La tormenta tropical “Alberto” ha provocado daños severos en la zona sur de Quintana Roo, particularmente en Bacalar. Los escurrimientos pluviales que siguieron a las intensas lluvias inundaron parte del trazo del Tren Maya, afectando al menos 1.5 kilómetros de vías en construcción.

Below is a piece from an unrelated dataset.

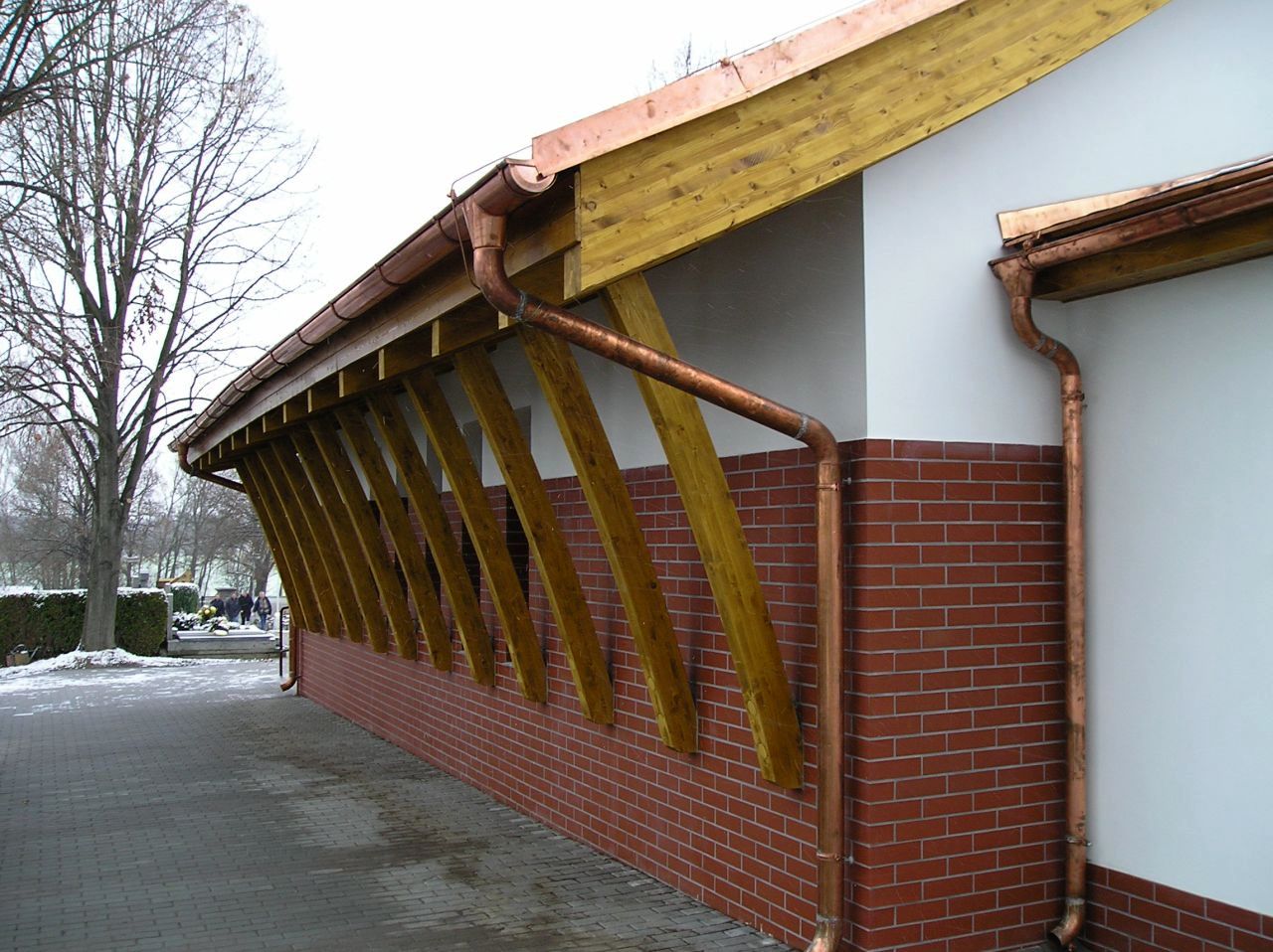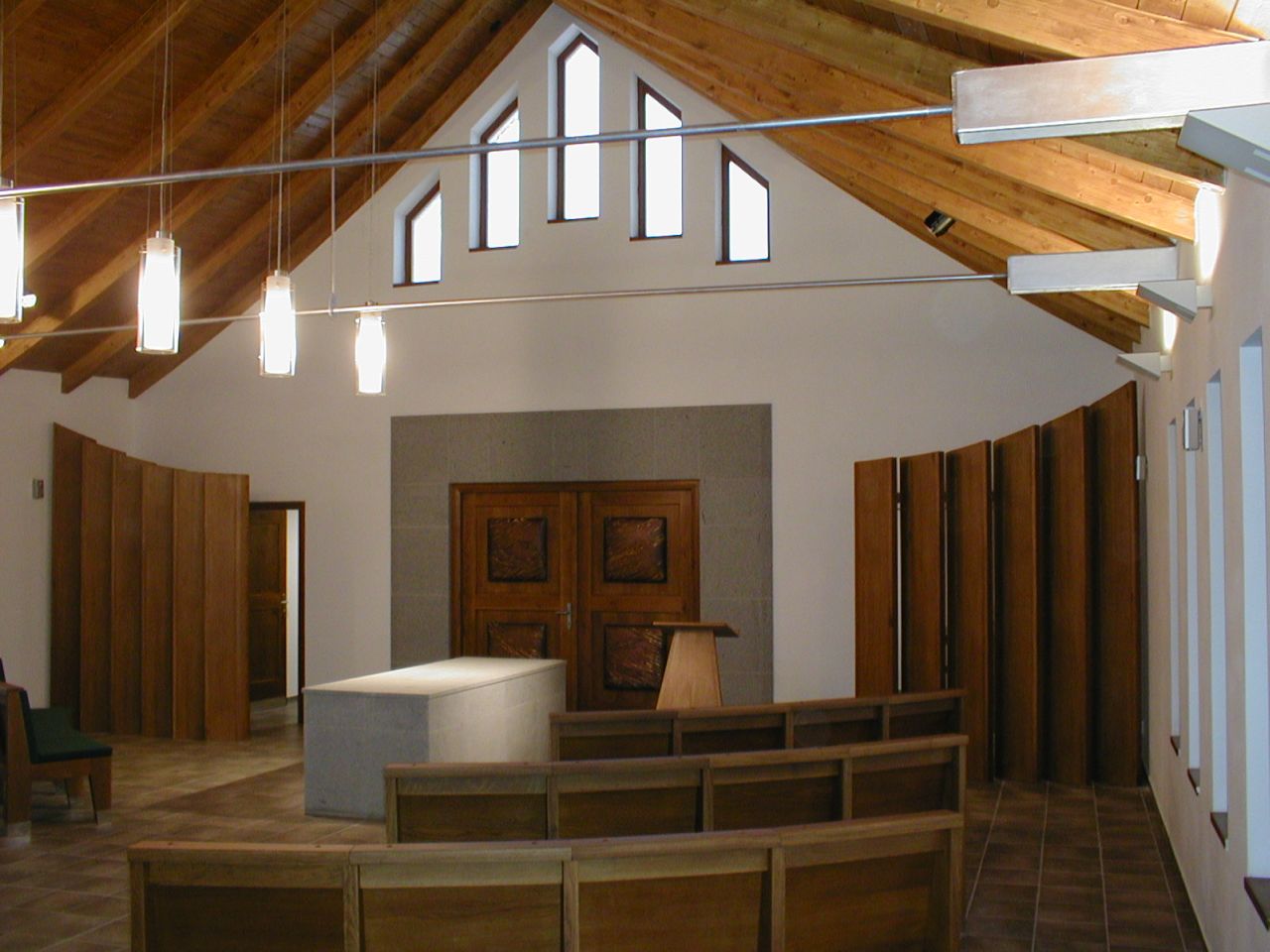 Konstrukce střechy je tvořena dřevěnými lepenými nosníky, přiznanými v interiéru a doplněnými dřevěnými palubkami. Obvodové zdivo je doplněno cihlovým obkladem Klinker. Brána, hlavní vstupy a katafalk jsou obloženy šedou žulou.
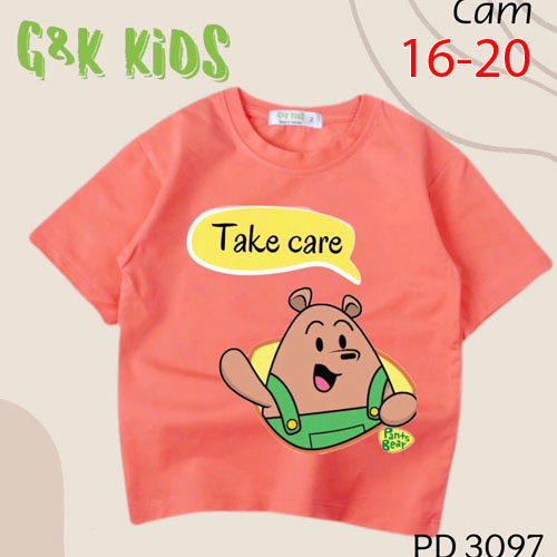 A479762 - Áo bé gái phom dài chất thun coton 4c in gấu nâu Take care_Size 16-20

Este tramo, ubicado al poniente de la ciudad, quedó bajo el agua tras varios días de acumulación pluvial. Vecinos de la colonia Diego Rojas Zapatas, una de las zonas más afectadas, reportaron inundaciones que alcanzaron hasta los 3.5 metros de altura en viviendas y vehículos.
Desplazamiento del agua hacia la zona ferroviaria
David García, habitante de Bacalar, confirmó que el agua ha migrado progresivamente desde las zonas habitadas hacia terrenos no urbanizados donde se construyen las vías del Tren Maya. A pesar de que estas áreas no contaban con edificaciones, los escurrimientos se han acumulado en los caminos de acceso y en el derecho de vía ferroviario.
“Ahora que nos dimos una vuelta pudimos notar que hay brotes de agua. Esta parece más limpia que la del pueblo, aunque revuelta. No huele mal”, declaró García. Según explicó, esto sugiere que el agua proviene directamente del subsuelo o de zonas sin residuos urbanos, lo cual coincide con la ausencia de infraestructura en esa área.
Expertos habían advertido sobre riesgos de inundación
Especialistas en medio ambiente alertaron previamente a los ingenieros militares encargados de la obra sobre los riesgos de construir en zonas proclives a inundaciones. Advirtieron que tanto Bacalar como Chetumal tienen suelos bajos con alta permeabilidad, condiciones que los hacen vulnerables a escurrimientos y encharcamientos severos en temporada de lluvias.
No obstante, los trabajos del Tren Maya continuaron sin modificaciones significativas en los planes de construcción, lo que ahora resulta en una afectación directa a la infraestructura ferroviaria.
Aún sin estimaciones oficiales de daños
Hasta el momento, no se han emitido reportes oficiales sobre la magnitud del daño ni el tiempo estimado de recuperación del tramo afectado. Tampoco se ha informado si esta situación retrasará el calendario de obras.
Autoridades locales y federales no han declarado si realizarán un rediseño del trazo o si se tomarán medidas de mitigación en las zonas vulnerables.
La situación expone una posible falta de previsión en la planificación de la megaobra, especialmente en regiones con antecedentes de anegamientos estacionales.